Records for this exercise:
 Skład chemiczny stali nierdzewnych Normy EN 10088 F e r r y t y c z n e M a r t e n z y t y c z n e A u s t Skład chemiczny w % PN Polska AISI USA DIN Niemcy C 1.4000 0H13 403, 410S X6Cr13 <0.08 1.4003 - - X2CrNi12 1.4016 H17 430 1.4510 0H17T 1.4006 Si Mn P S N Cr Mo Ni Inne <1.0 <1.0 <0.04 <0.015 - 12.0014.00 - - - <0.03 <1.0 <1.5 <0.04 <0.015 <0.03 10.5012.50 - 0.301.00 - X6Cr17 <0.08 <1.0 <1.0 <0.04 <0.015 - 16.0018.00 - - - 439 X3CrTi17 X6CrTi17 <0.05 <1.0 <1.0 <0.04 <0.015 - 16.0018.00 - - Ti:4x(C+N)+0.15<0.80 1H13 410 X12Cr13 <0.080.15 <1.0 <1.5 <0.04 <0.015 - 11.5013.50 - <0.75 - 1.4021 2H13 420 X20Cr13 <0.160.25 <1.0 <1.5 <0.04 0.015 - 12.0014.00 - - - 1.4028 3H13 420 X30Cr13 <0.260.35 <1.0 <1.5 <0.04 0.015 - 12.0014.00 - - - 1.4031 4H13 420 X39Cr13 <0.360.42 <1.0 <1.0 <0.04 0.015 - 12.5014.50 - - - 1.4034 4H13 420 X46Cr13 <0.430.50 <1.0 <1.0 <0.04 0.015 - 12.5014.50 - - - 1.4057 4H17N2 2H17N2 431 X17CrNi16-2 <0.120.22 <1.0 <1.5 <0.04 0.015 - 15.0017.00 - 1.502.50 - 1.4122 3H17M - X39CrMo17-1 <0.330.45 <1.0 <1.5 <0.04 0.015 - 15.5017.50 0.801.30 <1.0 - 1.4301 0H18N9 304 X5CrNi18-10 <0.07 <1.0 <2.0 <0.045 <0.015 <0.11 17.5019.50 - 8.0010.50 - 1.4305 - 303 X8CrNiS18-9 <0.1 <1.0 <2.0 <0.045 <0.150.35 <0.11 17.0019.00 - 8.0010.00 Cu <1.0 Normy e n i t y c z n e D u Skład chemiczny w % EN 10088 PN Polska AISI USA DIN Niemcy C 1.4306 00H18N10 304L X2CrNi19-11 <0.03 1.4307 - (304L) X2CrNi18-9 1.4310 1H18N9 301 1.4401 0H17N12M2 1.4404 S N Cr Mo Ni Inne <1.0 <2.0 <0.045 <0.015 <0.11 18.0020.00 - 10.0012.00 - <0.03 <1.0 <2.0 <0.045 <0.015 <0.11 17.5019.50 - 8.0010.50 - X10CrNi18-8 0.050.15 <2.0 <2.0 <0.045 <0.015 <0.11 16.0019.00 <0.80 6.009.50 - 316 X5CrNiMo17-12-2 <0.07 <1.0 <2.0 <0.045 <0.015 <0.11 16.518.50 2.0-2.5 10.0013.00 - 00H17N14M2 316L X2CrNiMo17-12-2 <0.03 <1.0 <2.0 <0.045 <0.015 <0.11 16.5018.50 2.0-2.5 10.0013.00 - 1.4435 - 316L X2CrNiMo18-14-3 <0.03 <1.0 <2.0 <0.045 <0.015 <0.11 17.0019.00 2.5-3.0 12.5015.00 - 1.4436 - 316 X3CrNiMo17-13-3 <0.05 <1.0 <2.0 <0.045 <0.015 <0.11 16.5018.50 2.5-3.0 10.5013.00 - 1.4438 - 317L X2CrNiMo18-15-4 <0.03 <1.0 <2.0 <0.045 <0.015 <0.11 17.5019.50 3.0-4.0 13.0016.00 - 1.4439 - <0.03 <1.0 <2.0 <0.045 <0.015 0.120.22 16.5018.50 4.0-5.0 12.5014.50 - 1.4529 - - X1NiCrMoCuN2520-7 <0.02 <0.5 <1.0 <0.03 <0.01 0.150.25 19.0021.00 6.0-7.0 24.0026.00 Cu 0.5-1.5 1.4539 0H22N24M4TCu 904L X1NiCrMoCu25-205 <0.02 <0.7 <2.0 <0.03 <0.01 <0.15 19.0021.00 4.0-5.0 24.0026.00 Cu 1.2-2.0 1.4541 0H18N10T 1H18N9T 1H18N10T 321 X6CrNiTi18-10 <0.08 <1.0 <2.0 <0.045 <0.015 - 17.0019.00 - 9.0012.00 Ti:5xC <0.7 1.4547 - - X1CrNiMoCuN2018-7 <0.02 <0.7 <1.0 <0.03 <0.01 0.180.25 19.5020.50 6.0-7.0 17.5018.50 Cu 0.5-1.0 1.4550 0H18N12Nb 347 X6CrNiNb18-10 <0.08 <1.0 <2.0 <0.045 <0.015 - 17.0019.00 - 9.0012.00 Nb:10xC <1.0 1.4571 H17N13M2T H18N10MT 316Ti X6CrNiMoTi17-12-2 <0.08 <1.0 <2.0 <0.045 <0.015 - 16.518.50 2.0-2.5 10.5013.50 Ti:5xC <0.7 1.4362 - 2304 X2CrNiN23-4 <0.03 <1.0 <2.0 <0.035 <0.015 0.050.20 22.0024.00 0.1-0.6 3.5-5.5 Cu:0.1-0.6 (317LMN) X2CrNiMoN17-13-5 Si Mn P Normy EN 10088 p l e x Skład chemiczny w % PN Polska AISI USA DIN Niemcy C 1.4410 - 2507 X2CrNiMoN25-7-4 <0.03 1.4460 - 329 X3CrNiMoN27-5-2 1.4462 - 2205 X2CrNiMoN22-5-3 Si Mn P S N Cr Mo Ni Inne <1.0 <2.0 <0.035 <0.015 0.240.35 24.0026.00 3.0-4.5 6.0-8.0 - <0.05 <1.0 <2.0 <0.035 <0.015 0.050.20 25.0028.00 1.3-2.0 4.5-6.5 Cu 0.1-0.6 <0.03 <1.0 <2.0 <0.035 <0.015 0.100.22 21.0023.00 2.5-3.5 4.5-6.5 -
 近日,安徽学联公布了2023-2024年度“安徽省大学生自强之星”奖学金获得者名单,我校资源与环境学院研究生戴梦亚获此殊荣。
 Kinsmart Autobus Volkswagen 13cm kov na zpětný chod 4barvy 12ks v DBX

--

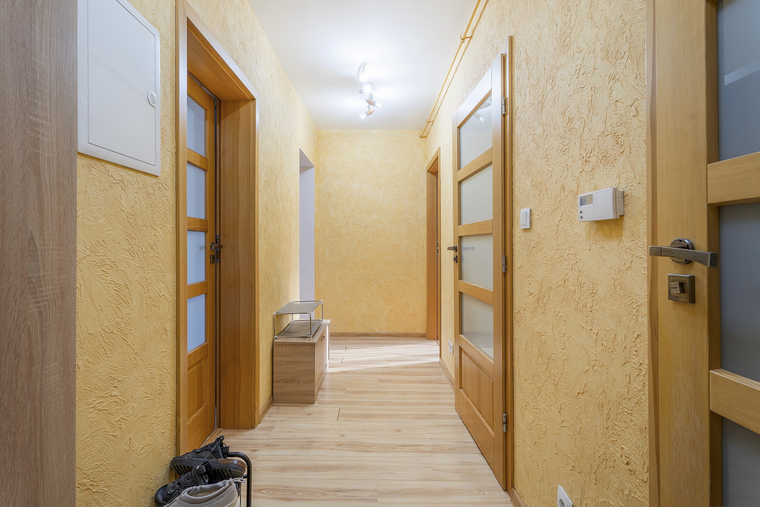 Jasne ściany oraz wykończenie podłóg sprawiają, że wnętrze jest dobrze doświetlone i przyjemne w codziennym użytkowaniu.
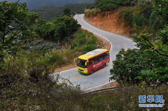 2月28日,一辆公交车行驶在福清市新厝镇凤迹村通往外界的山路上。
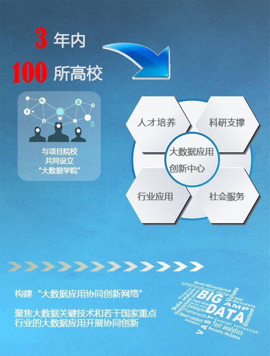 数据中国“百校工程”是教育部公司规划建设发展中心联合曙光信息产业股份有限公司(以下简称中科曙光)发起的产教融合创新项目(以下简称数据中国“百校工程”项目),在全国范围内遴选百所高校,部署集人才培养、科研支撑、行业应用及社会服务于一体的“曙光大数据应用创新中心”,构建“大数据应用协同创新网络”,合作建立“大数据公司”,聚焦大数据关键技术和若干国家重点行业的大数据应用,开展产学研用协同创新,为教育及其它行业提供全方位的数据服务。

==

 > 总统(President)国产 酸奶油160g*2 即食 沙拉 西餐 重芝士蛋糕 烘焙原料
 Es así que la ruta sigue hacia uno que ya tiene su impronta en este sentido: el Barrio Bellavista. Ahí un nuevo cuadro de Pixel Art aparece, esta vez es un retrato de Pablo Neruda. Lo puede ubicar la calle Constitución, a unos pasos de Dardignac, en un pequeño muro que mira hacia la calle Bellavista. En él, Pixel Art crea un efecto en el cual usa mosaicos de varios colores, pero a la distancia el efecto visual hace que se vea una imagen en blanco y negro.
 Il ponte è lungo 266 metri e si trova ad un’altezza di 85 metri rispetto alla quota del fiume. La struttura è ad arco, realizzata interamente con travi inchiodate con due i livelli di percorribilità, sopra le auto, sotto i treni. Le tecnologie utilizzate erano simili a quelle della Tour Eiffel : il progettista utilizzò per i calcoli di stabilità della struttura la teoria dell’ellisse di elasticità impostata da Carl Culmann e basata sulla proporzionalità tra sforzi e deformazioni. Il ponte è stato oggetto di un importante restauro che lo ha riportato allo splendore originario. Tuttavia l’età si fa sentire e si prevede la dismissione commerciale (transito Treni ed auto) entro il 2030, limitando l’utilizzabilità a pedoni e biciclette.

Activity:
Your answer must consist solely of the lines above between the line holding "西餐 重芝士蛋糕 烘焙原料" and the line holding "Es así que la", inclusive, copied exactly.

Exercise answer:
 > 总统(President)国产 酸奶油160g*2 即食 沙拉 西餐 重芝士蛋糕 烘焙原料
 Es así que la ruta sigue hacia uno que ya tiene su impronta en este sentido: el Barrio Bellavista. Ahí un nuevo cuadro de Pixel Art aparece, esta vez es un retrato de Pablo Neruda. Lo puede ubicar la calle Constitución, a unos pasos de Dardignac, en un pequeño muro que mira hacia la calle Bellavista. En él, Pixel Art crea un efecto en el cual usa mosaicos de varios colores, pero a la distancia el efecto visual hace que se vea una imagen en blanco y negro.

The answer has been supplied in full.